==== Record extracts

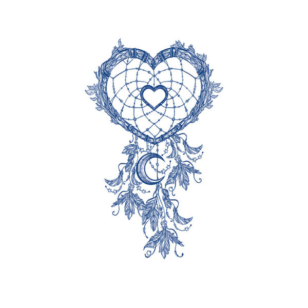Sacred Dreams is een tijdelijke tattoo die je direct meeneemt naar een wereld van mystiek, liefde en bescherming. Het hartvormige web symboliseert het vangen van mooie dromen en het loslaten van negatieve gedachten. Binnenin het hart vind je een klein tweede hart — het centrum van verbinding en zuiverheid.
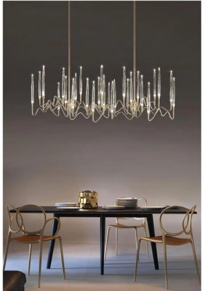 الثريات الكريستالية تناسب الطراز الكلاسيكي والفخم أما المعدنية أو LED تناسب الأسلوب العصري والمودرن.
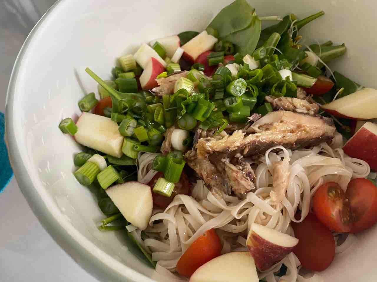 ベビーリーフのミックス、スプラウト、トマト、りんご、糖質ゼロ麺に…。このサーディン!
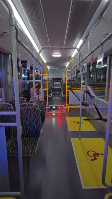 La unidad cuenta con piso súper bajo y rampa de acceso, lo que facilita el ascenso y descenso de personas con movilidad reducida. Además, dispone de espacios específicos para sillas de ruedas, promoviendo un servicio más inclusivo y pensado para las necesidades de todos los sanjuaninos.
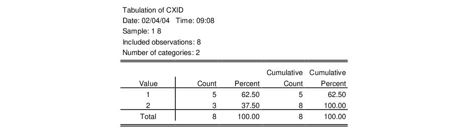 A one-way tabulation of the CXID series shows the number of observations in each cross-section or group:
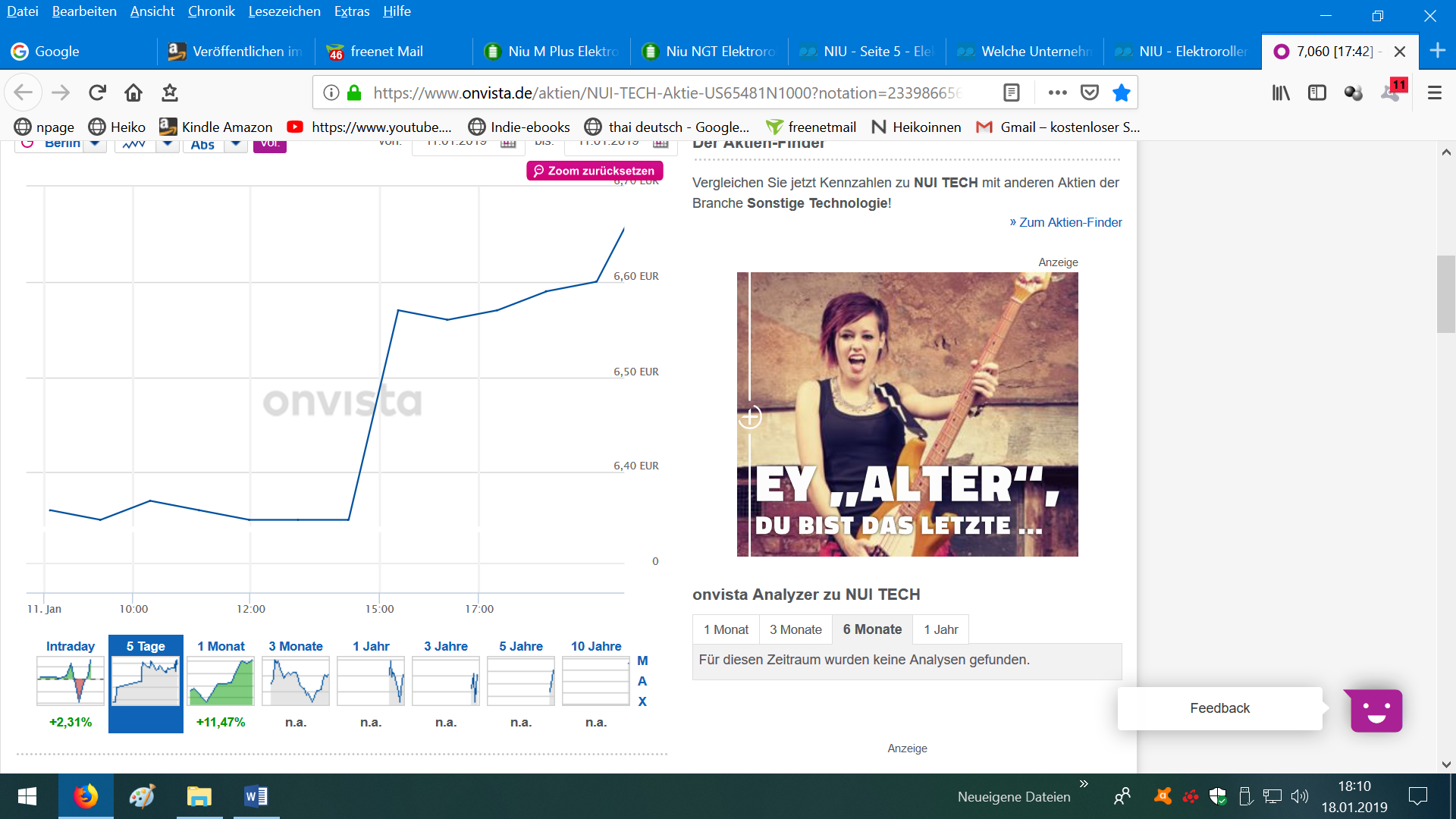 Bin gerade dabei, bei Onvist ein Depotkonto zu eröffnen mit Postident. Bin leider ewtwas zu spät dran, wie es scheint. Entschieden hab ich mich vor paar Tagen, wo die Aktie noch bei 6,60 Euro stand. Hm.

========

-- Problem details --
Only the lines from the line containing "La unidad cuenta" through the end of the material should be retyped, exactly and in full, with no pictures.

-- Your solution --
 La unidad cuenta con piso súper bajo y rampa de acceso, lo que facilita el ascenso y descenso de personas con movilidad reducida. Además, dispone de espacios específicos para sillas de ruedas, promoviendo un servicio más inclusivo y pensado para las necesidades de todos los sanjuaninos.
 A one-way tabulation of the CXID series shows the number of observations in each cross-section or group:
 Bin gerade dabei, bei Onvist ein Depotkonto zu eröffnen mit Postident. Bin leider ewtwas zu spät dran, wie es scheint. Entschieden hab ich mich vor paar Tagen, wo die Aktie noch bei 6,60 Euro stand. Hm.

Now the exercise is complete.